Onu bu şekilde teselli eden Bian Du ailesinin reisi olmasına rağmen, Jin Jianhao’nun kalbindeki nefreti ortadan kaldırmak hala zordu ve gözleri hala korkunç bir öldürme arzusu yayıyordu. ‘Bir grup aptal.’ Li Qiye kendini tutamayıp gülümsedi ve başını salladı ve konuştu: “Nezaketimi zayıflık olarak kabul et.” Ama içeri girdiğimde köpeklerinizin kafasını keseceğim.
“Hmph, canlanana kadar bekleyelim, katil yaratıkların ordusu yakında burada olacak.” Biandu ailesinin reisi, uzaktan koşan cani yaratıkların ordusuna baktı ve sakince şöyle dedi: “Nasıl sefil bir şekilde öldüğünü düşün.”

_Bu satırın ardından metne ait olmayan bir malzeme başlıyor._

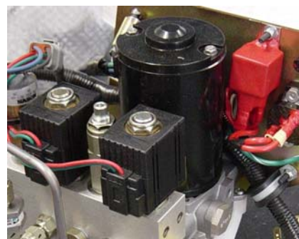
AE Permanent Magnet Motor to be Replaced
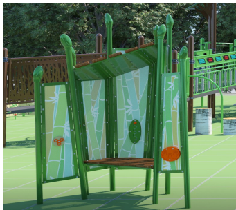
Quiet Grove $10,000
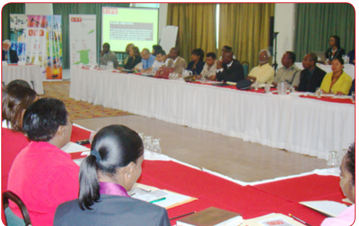
Participants at the Stakeholders' Consultation held at the Crowne Plaza.

the police, prison and fire services and the defence force were in attendance. Leaders of the cadets, scouts, girl guides, Civilian Conservation Corps, etc. also participated.
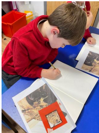
Using a viewfinder in art
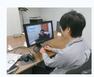
Information exchange in the global hay
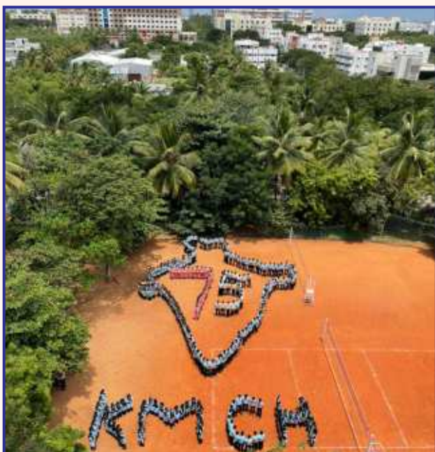
75 th Independence Day Celebration - Azadi Ka Amrit Mahotsav in college.

conducted and the winners were awarded with prizes.
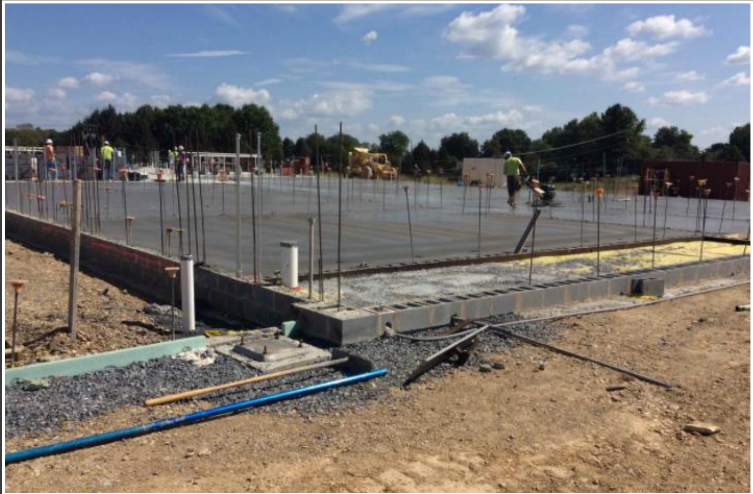
Lobar – Finishing slab placement for the West half of Area C

“Katil bir yaratığın ağzında yiyeceğe dönüşmüş gibi nasıl göründüğüne bir bakalım ve nasıl uluduğunu görelim.” Yüce General yardım edemedi ama böbürlendi ve tavrı zaten ve acımasız bir görünüm ortaya çıkarmıştı.
O sırada Li Qiye’nin trajik ölümünü takdir etmek için sabırsızlanıyordu.

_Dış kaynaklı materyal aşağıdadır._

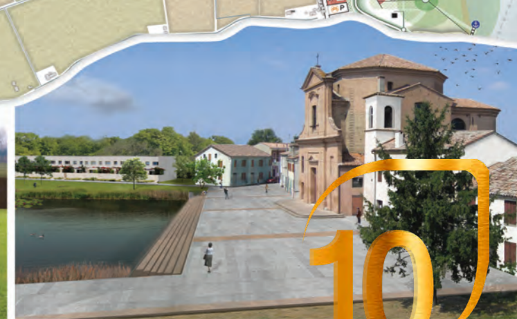
Quattrelle new Public Square
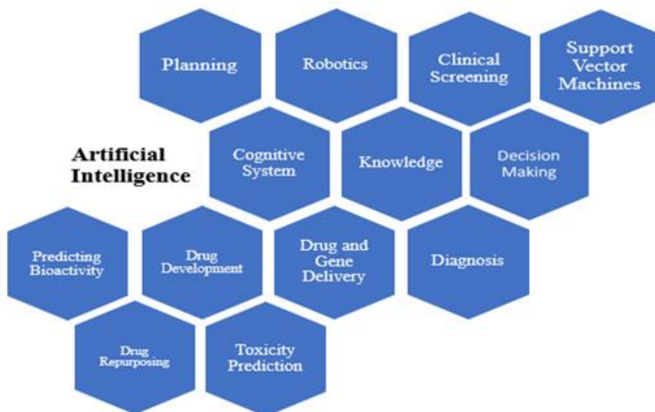
Figure 1: Artificial Intelligence is being used in a Variety of Fields
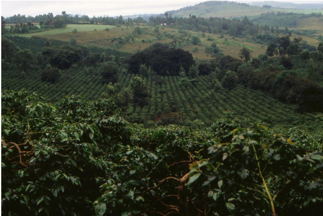
Coffee plantation on Gibb's farm, in Karatu, Arusha, Tanzania
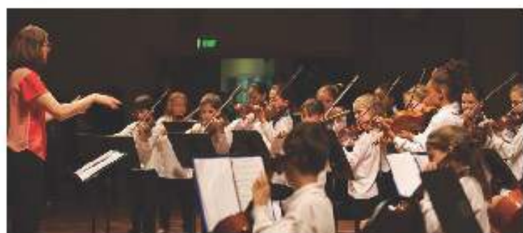
Grade 2 Strings
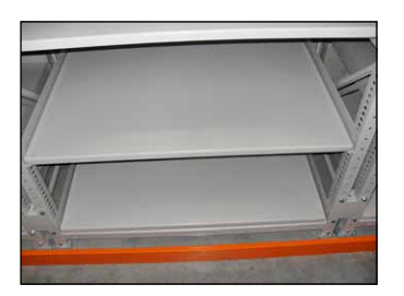
Guardrail for Mechanical Guidance System and shelving protection.
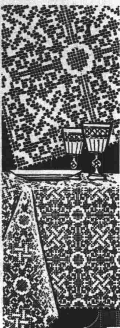
By Laura Wheeler

You can acquire luxury a square at a time for that's how this lovely filet crocheted cloth is worked. Crochet the squares to make smaller accessories—a dainty scarf—mats—or pillow top! Pattern 381 contains chart and directions for square; illustrations of stitches; materials required.
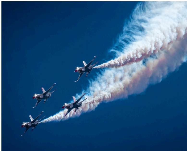
Four F-16 Fighting Falcons, assigned to the U.S. Air Force Aerial Demonstration Squadron, perform an aerial stunt during the Cannon Air Force Base Air, Space, and Tech Fest at Cannon AFB, New Mexico. The USAFADS Thunderbirds are stationed at Nellis Air Force Base in Las Vegas.
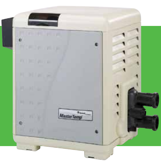
MasterTemp® High Performance Heaters

MasterTemp® high performance heaters offer best-in-class energy efficiency. Plus, they are certified for low NOx emissions, making them eco-friendly favorites.
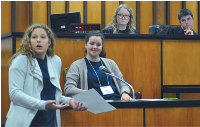
In February, members of the Edge class took part in a mock trial as part of their focus on the criminal justice system in Morgan County.
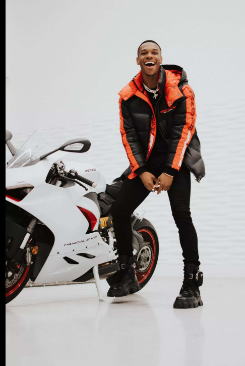
shein called ↗
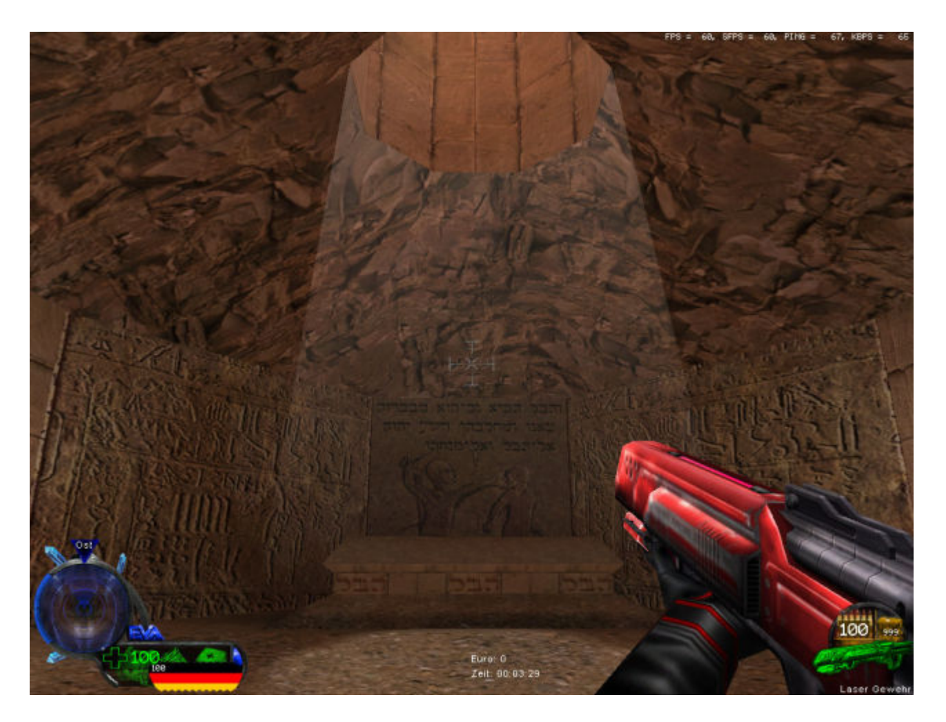
3) M13.jpg, downloaded 188 times

“Herkes, takdir edin ve cani yaratığın ağzındaki yiyeceğin nasıl mücadele ettiğini ve feryat ettiğini görün.” Biandu ailesinin reisi gülmekten kendini alamadı.
Bu sırada gülmekten kendilerini alamadılar ve ifadeleri acımasızlık gösteriyordu.
“Bu, genç efendinin intikamı olarak kabul edilebilir, çığlıklarını sessizce dinleyelim.” Biandu ailesinin birçok öğrencisi de bağırdı.
“Hmph, kendini öldürdü, bu da onu Biandu ailesinin düşmanı yaptı.” Birçok güçlü keşiş, Li Qiye’nin Kara Orman Uçurumu’na giremediğini görünce küçümsemekten kendini alamadı.
Uzun zamandır Li Qiye’nin göze hoş gelmediğini görmüşlerdi ve şimdi Li Qiye’nin acı çekmek üzere olduğunu görüyorlardı, bu da onlara kötü bir nefes aldırıyordu.
Genç neslin dahileri de böbürleniyor ve alay ediyorlardı: “Onu genellikle yenilmez ve kibirli yapan kimdi, şimdi sefil ve öldürücü şeyler için yiyecek olacak.”
Genç nesil için, eğer Li Qiye katilin elinde trajik bir şekilde ölürse, bu şüphesiz onların önünü açacak ve daha az korkunç bir rakibe sahip olmalarını sağlayacaktı.
“Aptal, sadece bir Buda duvarı, onu geçmek istiyorum, kolay değil.” Li Qiye gülmekten kendini alamadı, başını hafifçe salladı ve konuştu: “Sadece siz aptallar bu Buda duvarının beni durdurabileceğini düşünürsünüz.”
Li Qiye’nin rahat ve rahat sözleri aniden bir sürü kahkahanın kesilmesine neden oldu. ‘Gerçekten mi?’ Li Qiye’nin sözlerini duyunca, az önce böbürlenen keşiş güç merkezi bile bir süreliğine şüpheci olmaktan kendini alamadı.
Birisi bunu söylerse, herkes ona güler, hatta onu reddeder ve ona güler.
Şimdi, Li Qiye böyle bir şey söylediğinde, herkes tereddüt etmekten kendini alamadı, Li Qiye için o kadar çok mucize yaratılmıştı ki sayılamayacak kadar çoktu.
Başkalarına imkansız görünen ama Li Qiye’nin kolayca başarabildiği şeyler ve başkalarının mucize olduğunu düşündüğü şeyleri, Li Qiye gelişigüzel yapıyor.
O, mucizelerin oğlu Li Qiye, bu yüzden şu anda herkes tereddüt etmekten kendini alamıyor.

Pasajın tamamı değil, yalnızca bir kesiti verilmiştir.